Free Republic
Browse · Search
Religion
Topics · Post Article

To: Swordmaker

Similar to the Shroud of Turin, the tilma image also defies scientific explanation.


6 posted on 12/12/2008 8:51:59 AM PST by NYer ("Run from places of sin as from a plague." - St. John Climacus)
[ Post Reply | Private Reply | To 1 | View Replies ]


To: NYer
Similar to the Shroud of Turin, the tilma image also defies scientific explanation.

As I have stated before on Shroud threads, I follow the science. There is very little science associated with the Virgin of Guadalupe image. Unlike the Shroud, the Virgin of Guadalupe image has not undergone extensive, or even more than cursory, scientific examination.

Several Shroud researchers have examined the image of the Virgin.

"Norberto Rivera Carrera, Archbishop of Mexico, commissioned a 1999 study to test the tilma's age. Leoncio Garza-Valdés, a pediatrician and microbiologist who had previously worked with the Shroud of Turin, claimed, upon inspection of photographs of the image, to have found three distinct layers in the painting, at least one of which had initials painted on it.

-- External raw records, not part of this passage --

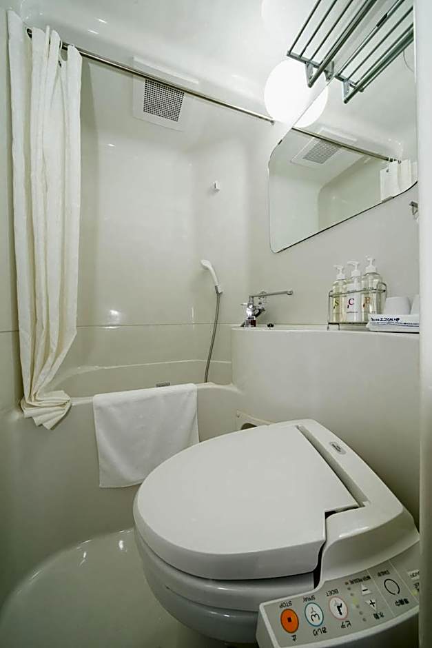 Amenities include free Wifi, free air conditioning, free hot spring bath, non-smoking rooms, elevator, bidet, free toiletries, bathtub, and upper floors accessible by elevator. Private parking and on-site parking are available for an extra charge.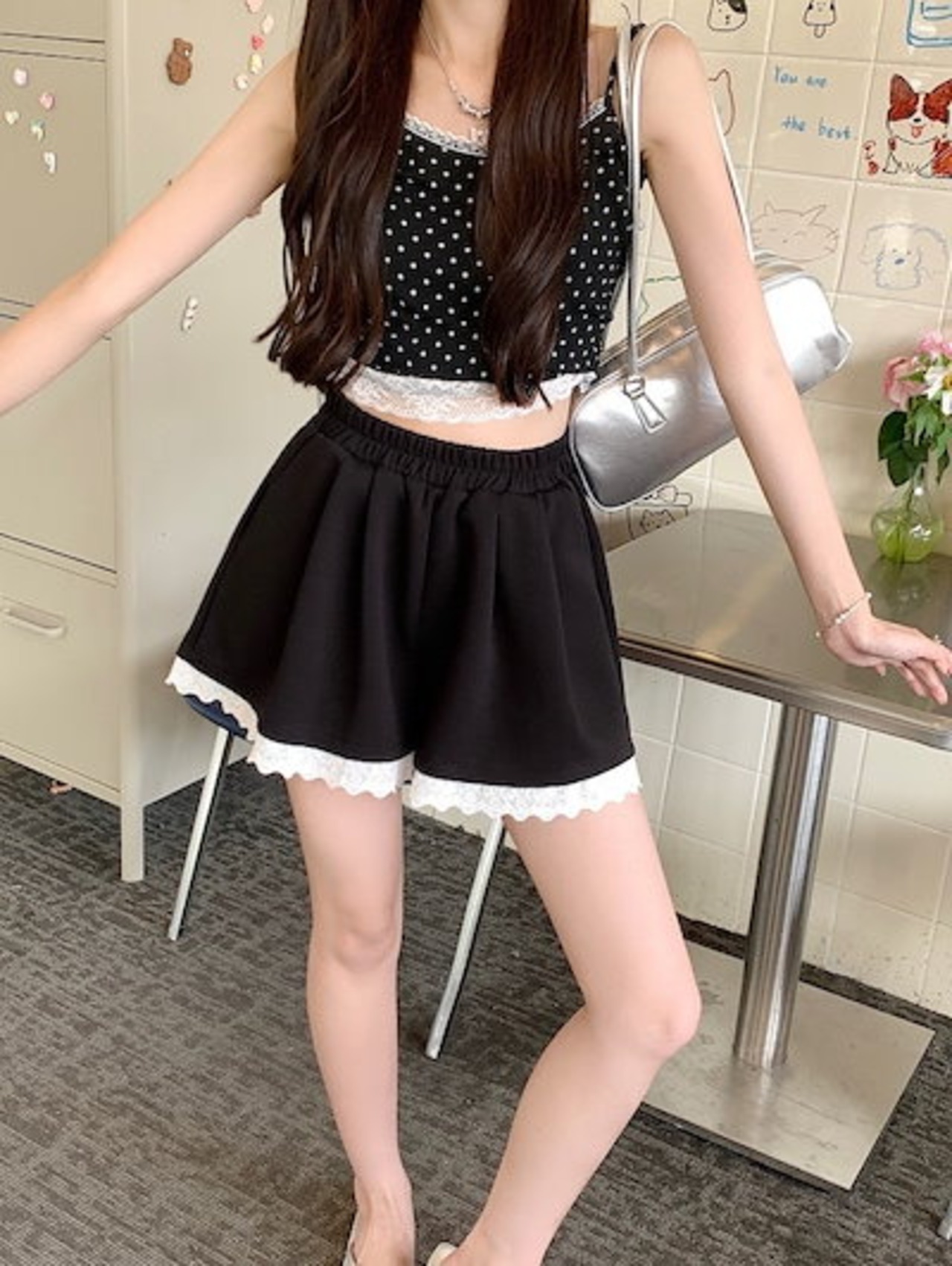 2024 春夏パンツ ショート丈 レース ウエストゴム ハイウエスト 脚長効果 美脚効果 細見え ゆったり 夏 黒 かわいい カジュアル 韓国ファッション レディース お出かけ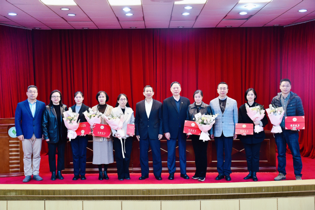 大会还表彰了上海市“东方英才”计划教师项目获得者及获得2024年度“同·济”奖教金的五个项目团体。刘丽宣读了表彰决定,校党政领导班子为获奖代表颁发荣誉证书并献花。受表彰的个人及项目团体分别是:李娜(入选2024年东方英才计划教师项目)、建筑工程学院建筑智能化工程技术专业群教师团队(入选上海新一轮首批高水平高职专业群建设名单)、建筑工程学院“建筑工程技术专业教学资源库”项目(入选第四批上海职业教育市级示范性专业教学资源库立项建设名单)、经济管理学院《经济法基础》教学团队(获批上海市高等职业院校市级精品在线开放课程立项项目)、人居环境与建筑设计学院《建筑材料与构造》课程教学团队(获批上海市高等职业教育市级精品在线开放课程立项项目)、人居环境与建筑设计学院(获全国教育系统先进集体)。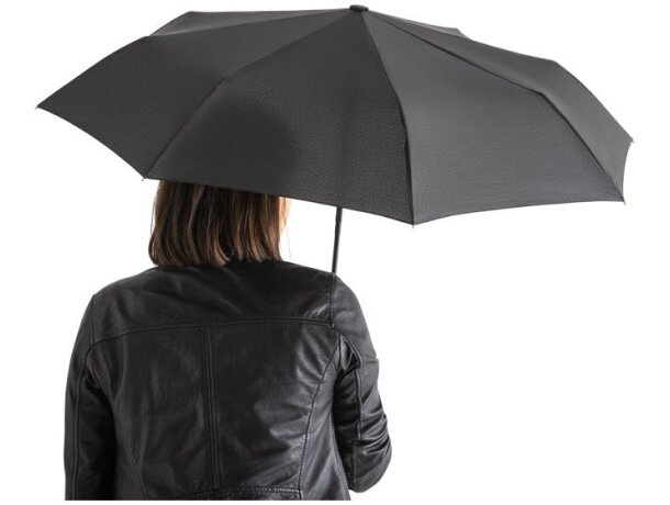 El paraguas plegable River representa la perfecta fusión entre sostenibilidad y funcionalidad avanzada. Fabricado con tejido pongee rPET 190T procedente de materiales reciclados, este paraguas demuestra que protegerse de la lluvia puede ser una decisión responsable con el planeta. Su sistema automático de apertura y cierre garantiza comodidad inmediata, mientras que las varillas de fibra de vidrio ofrecen excepcional resistencia al viento sin comprometer la portabilidad.

He also stated that the original painting showed striking similarities to the original Lady of Guadalupe found in Extremadura Spain, with the second painting showing another Virgin with indigenous features. [41] Garza-Valdés also claimed that the fabric on which the icon is painted is made of conventional hemp and linen, not agave fibers as is believed.[40] Gilberto Aguirre, a colleague of Garza-Valdés who took part in the 1999 study, examined the same photographs and stated that, while agreeing the painting had been extensively tampered with, he disagreed with Garza-Valdes' conclusions and claims the conditions for conducting the study were inadequate.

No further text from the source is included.